François, Urbain, Celeste Bonnin

1795 - 1862

Informations générales
  • Né le 10 mars 1795 à Nouallié (Vienne - France)
  • Décédé le 17 mars 1862 à Civray (Vienne - France)

Mandats à l'Assemblée nationale ou à la Chambre des députés

Régime politique
Monarchie de Juillet - Chambre des députés
Législature
Ve législature
Mandat
Du 29 juin 1839 au 12 juin 1842
Département
Vienne
Groupe
Opposition dynastique
Régime politique
Monarchie de Juillet - Chambre des députés
Législature
VIe législature
Mandat
Du 9 juillet 1842 au 6 juillet 1846
Département
Vienne
Groupe
Opposition dynastique
Régime politique
Monarchie de Juillet - Chambre des députés
Législature
VIIe législature
Mandat
Du 1er août 1846 au 24 février 1848
Département
Vienne
Groupe
Opposition dynastique
Régime politique
Deuxième République
Législature
Assemblée nationale constituante
Mandat
Du 23 avril 1848 au 26 mai 1849
Département
Vienne
Groupe
Cavaignac

Biographies

Biographie extraite du dictionnaire des parlementaires français de 1789 à 1889 (Adolphe Robert et Gaston Cougny)
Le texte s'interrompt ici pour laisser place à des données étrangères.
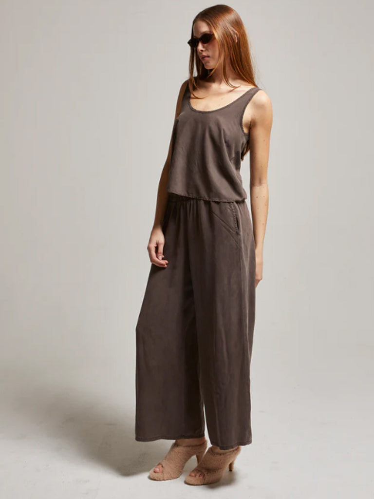 A relaxed trouser in fluid, 100% Tencel—polished enough to dress up, effortless enough to live in. The wide leg and soft drape create a flattering silhouette, while the elastic waistband keeps things easy. Garment-dyed and enzyme-washed for rich color and an ultra-soft finish. Now in chocolate—a seasonless neutral made for slow mornings and last-minute plans.

Député de 1839 à 1848, représentant du peuple à l'Assemblée constituante de 1848, né à Nouaillé (Vienne), le 10 mars 1795, mort à Civray, (Vienne), le 17 mars 1862, il étudia le droit à Poitiers, succéda en 1821 à son père qui était notaire à Voulesme dans la Vienne, et s'occupa en même temps avec zèle de politique libérale.

Il fut un des promoteurs de la candidature et du succès électoral du général Demarçay, fit partie, après juillet 1830, de l'association nationale pour l'expulsion à perpétuité de la branche aînée des Bourbons, et publia quelques études sur des questions agricoles et économiques.
A la mort de Demarçay, le 3e collège électoral de la Vienne (Civray), ayant dû élire un nouveau député, fit choix de M. Bonnin, qui avait adressé aux électeurs cette déclaration : « Le rôle de solliciteur est en dehors de mon caractère, et irait mal à mes habitudes. Je n'accepterai ni places, ni fonctions, ni honneurs, ni distinctions. Mon ambition est de servir le pays, la France, l'humanité, et la liberté dont la saine intelligence doit un jour vivifier le monde. »
Arrivé au Parlement, Bonnin prit place à gauche, vota avec Odilon Barrot et l'opposition dynastique, désapprouva l'adresse de 1841, appuya la proposition de loi relative au travail des enfants dans les manufactures, ainsi que plusieurs propositions d'utilité publique. Il fut nommé, en 1840, secrétaire du comité agricole qui s'était formé dans le sein de la Chambre et à l'organisation duquel il avait coopéré. Réélu le 9 juillet 1842, par 136 voix (223 votants, 288 inscrits), et le 1er août 1846, par 156 voix (280 votants, 330 inscrits), contre 120 à M. Bourlon, il continua de voter avec l'opposition, notamment contre l'indemnité Pritchard (1845); il combattit Guizot et s'associa (février 1848) à la demande de mise en accusation de ce ministre.

Républicain modéré, il fut élu, le 23 avril 1848, représentant de la Vienne à l'Assemblée constituante, par 49,909 voix sur 70,722 votants, et vota pour le gouvernement de Cavaignac, tout en se rapprochant parfois des républicains plus avancés. Il se prononça:

- le 9 août 1848, pour le rétablissement du cautionnement ;
- le 26 août, pour les poursuites contre Louis Blanc et Caussidière ;
- le 1er septembre, contre le rétablissement de la contrainte par corps ;
- le 18 septembre, pour l'abolition de la peine de mort;
- le 4 octobre, pour l'incomptabilité des fonctions ;
- le 7 octobre, contre l'amendement Grévy;
- le 21 octobre, pour l'abolition du remplacement militaire;
- le 2 novembre, contre le droit au travail;
- le 25 novembre, pour l'ordre du jour en l'honneur de Cavaignac;
- le 27 décembre, pour la suppression de l'impôt du sel;
- le 12 janvier 1949, contre la proposition Rateau;
- le 21 mars, contre l'interdiction des clubs.

Adversaire de L.-N. Bonaparte et de ses ministres, il vota:

- le 16 avril 1849, contre les crédits de l'expédition de Rome;
- le 14 mai, pour l'abolition de l'impôt des boissons,
- et le 26 mai, pour la mise en liberté des transportés.
M. Bonnin ne fit pas partie de l'Assemblée législative.